Data quality control methods
Every modern business, starting from supply chain management, manufacturing, and IoT, up to healthcare and financial services, operate with data. Proper data management for various business use cases is key to reducing operational costs and accelerating the process of making critical business decisions. Technology has dramatically evolved over the years to address these challenges, and a number of data quality control methods are currently widely adopted:
- Data Monitoring is a practice to ensure data validity or highlight data issues, usually with a combination of rules. For example, email shouldn’t be null, customer metrics like average customer age is between 34 and 38, and so on. Data monitoring is essential for overall data consistency and integrity.

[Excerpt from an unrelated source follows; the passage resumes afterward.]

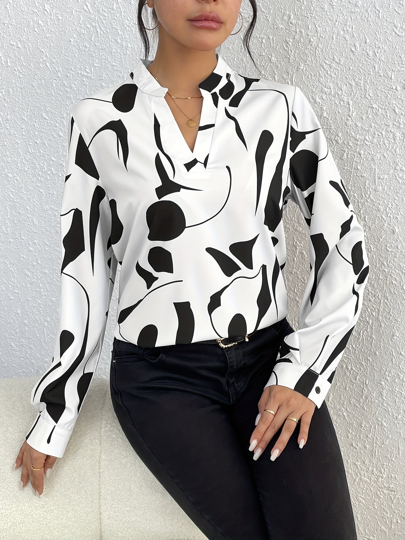 Geo Print V Neck Blouse, Casual Long Sleeve Blouse For Spring & Fall, Women's Clothing

- Data Inspection is another group of methods to work with data or row-level; for example, filtering duplicate, broken or invalid data for further analysis or re-processing. Clean data are expected to comply with all company standards and can be used by business-critical downstream applications. This approach is intensively used where data quality is a mission-critical part of business operations, such as financial reporting that can’t tolerate invalid or duplicated data.
- Anomaly Detection is a group of techniques to work with structured and unstructured data using a machine learning approach. ML models identify outliers in the data automatically and unsupervised. For instance, age 107 would be identified as an outlier when working with a mean value of around 47. Anomaly detection helps to ensure data quality where it’s hard to identify and implement business rules: machine data processing, IoT or log analysis. While this technique can produce more false positive alerts than a data inspection approach with string rules, it takes far less effort to implement.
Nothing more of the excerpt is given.